What you have to do: Here is the listing. Report each line in it that contains the string "looking".

Data extracts:
.....

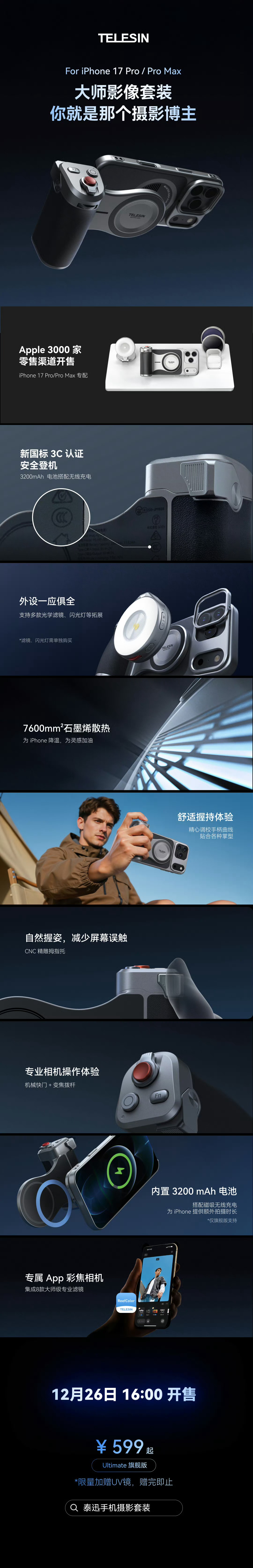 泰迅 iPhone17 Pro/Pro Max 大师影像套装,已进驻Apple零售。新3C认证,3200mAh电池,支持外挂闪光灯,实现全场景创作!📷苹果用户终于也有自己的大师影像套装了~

.....

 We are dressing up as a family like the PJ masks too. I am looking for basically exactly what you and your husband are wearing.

.....

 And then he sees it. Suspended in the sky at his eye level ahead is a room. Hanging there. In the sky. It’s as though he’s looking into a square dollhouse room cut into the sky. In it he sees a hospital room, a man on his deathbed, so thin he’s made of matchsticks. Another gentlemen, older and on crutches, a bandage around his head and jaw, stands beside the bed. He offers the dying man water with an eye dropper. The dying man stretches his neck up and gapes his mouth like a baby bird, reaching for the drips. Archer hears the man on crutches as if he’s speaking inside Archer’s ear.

.....

Response below:
 We are dressing up as a family like the PJ masks too. I am looking for basically exactly what you and your husband are wearing.
 And then he sees it. Suspended in the sky at his eye level ahead is a room. Hanging there. In the sky. It’s as though he’s looking into a square dollhouse room cut into the sky. In it he sees a hospital room, a man on his deathbed, so thin he’s made of matchsticks. Another gentlemen, older and on crutches, a bandage around his head and jaw, stands beside the bed. He offers the dying man water with an eye dropper. The dying man stretches his neck up and gapes his mouth like a baby bird, reaching for the drips. Archer hears the man on crutches as if he’s speaking inside Archer’s ear.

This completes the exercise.